As per every perfect game and no-hitter there were a couple of defense gems along the way. I already mentioned the O'Neill one which gets lost when stories of Cone's perfecto are told because it happened so early in the game. The one everyone remembers and the one which turned out to be the weirdest play of the game came in the dramatic top of the ninth when Cone was just moments away from making history.
Ryan McGuire, who was pitch hitting for Shane Andrews, hit a lazy fly ball that headed toward Ricky Ledee in shallow left. Now, to this day, I don't even think Ledee knew how he caught that ball because it definitely looked like he lost it in the sun but was able to spot it at the last millisecond to make the catch. If you've been to old Yankee Stadium in the summer and sat in left field or in the left field bleachers on a sunny day, you'd remember how hard it is to see the ball in the air.
My father even said, "Whoa! I don't think even he saw that one." It was as if Ledee (and Cone) had a little help from above, if you believe in that sort of divine intervention.
When it became evident that Cone was on the verge of closing out the game, tears began to form in my eyes. And the moment Orlando Cabrera popped the ball into the air, those tears began to fall, and when it landed in Scott Brosius’ glove for the final out, I cried. As Cone fell to his knees and was mobbed by his teammates, I looked at my father who shrugged his shoulders and said, “Hey, at least you were at Dwight Gooden’s no hitter.” That didn’t cheer me up.
There were so many emotions in my head at that moment. First of all, I was happy for Cone because I always liked him and throwing a perfect game one season after David Wells threw his was really, really cool. But I was also sad because I wasn’t there to see it in person. It's one thing to watch a game on TV and wish you were there to witness it but it's another to actually have a ticket and not be able go. It is so much worse. And how many people can say that they've been to a both perfect game and a no hitter? Oh, right, my brother James. Yes, I'm still bitter about it 16 years later.
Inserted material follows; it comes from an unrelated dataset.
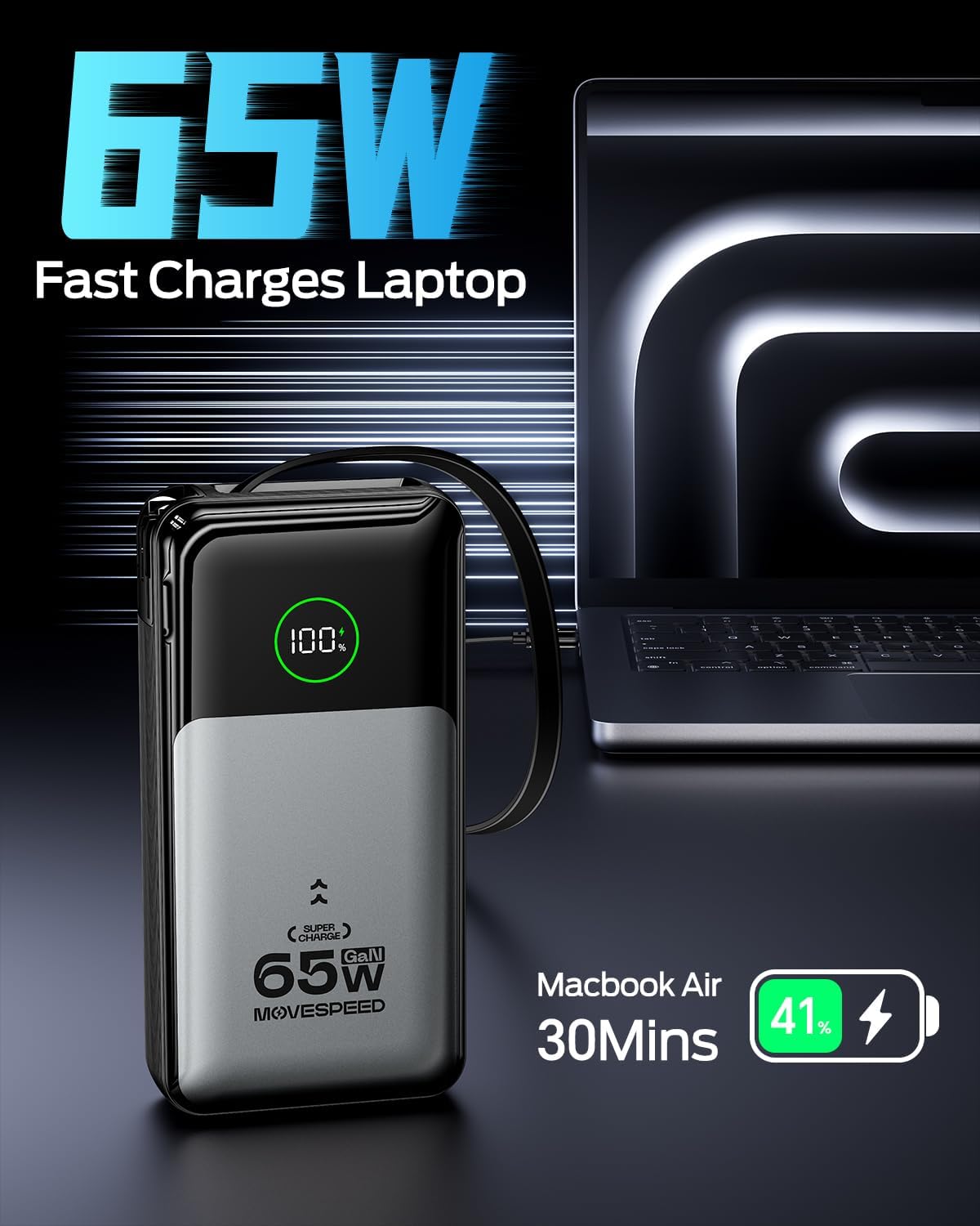 MOVE SPEED Portable Charger Laptop Power Bank 20000mAh 65W, Travel Essentials Battery Pack with Built-in Retractable USB-C Cable & Wall Plug, for MacBook/iPhone 17/16/15/iPad/Galaxy/Dell/HP and More

Here are some stats about Cone's perfect game:
- It was the first regular season interleague perfect game in MLB history - The Yankees beat the Montreal Expos.
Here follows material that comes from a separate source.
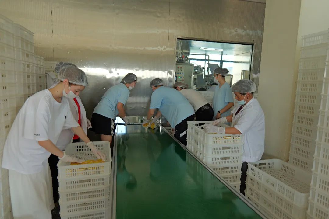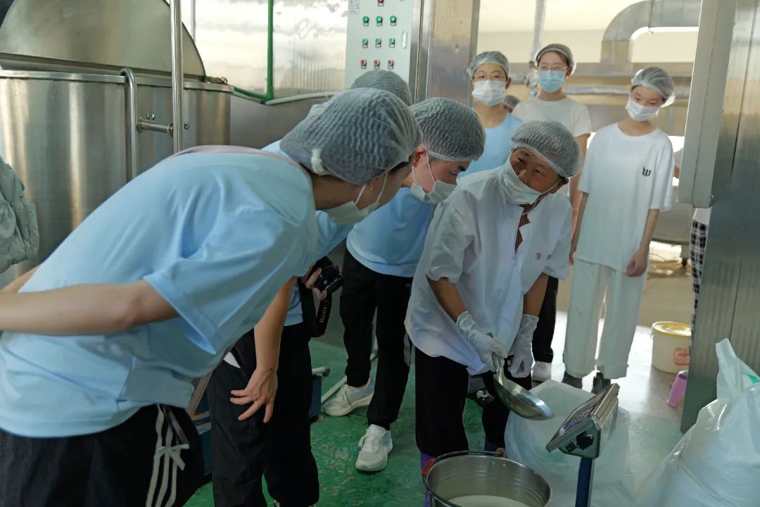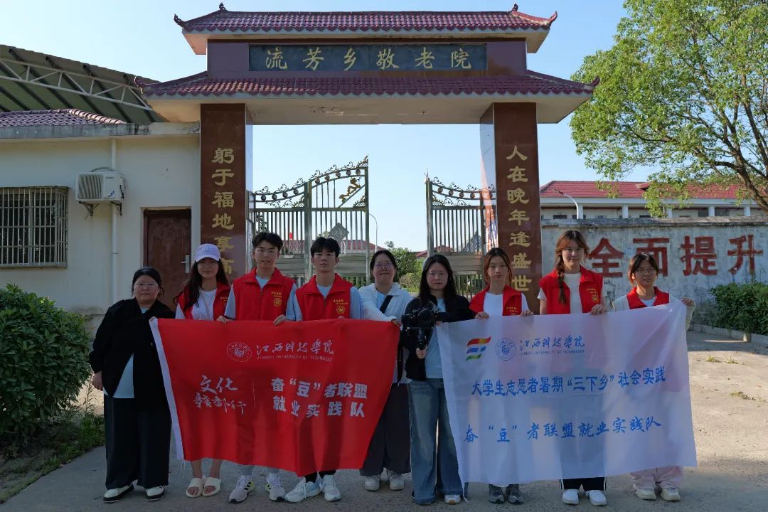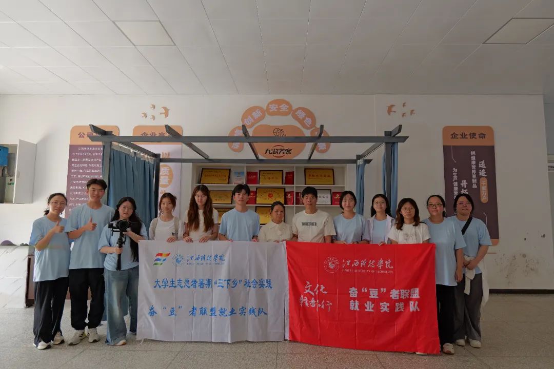 7月5日清晨,奋“豆”者联盟就业实践队走进江西芳洲生态农业公司豆制品厂,亲历豆浆研磨、豆花点制等工序,汗湿的衣衫见证“粒粒皆辛苦”的匠心。了解到企业以“公司+科研院所+基地+农户”模式带动增收,却面临无添加豆花冷链成本高、品牌知名度低等难题后,队员们心生暖意——午后携带亲手制作的豆花与慰问品前往敬老院,将软糯香甜与关怀一同送到老人手中。傍晚,队员们赶赴豆民宿参加乡村音乐节,与九江职业大学伙伴携手登台,让乡土间的音乐共鸣点亮星空。从车间实践到温情陪伴,从田间调研到音乐互动,青年学子以脚步丈量民生温度。

- It was the 16th perfect game (14th in the modern era) and 247th no-hitter in the MLB.
- It was the third perfect game and 11th no-hitter for the Yankees. And the last to date. It came only 14 months after David Wells' (May 1998)
- The game took two hours and 16 minutes to complete.
- The temperature at first pitch was hot: 92 degrees.
- There were 41,930 fans in attendance.
- Cone struck out the first batter, Wilton Guerrero, and struck out 10 total for the game.
- He never worked a count more than 2-0.
- Cone only needed 88 pitches to throw the perfect game and threw 68 of them for strikes.
- According to Baseball Reference Cone's Game Score that day was 97.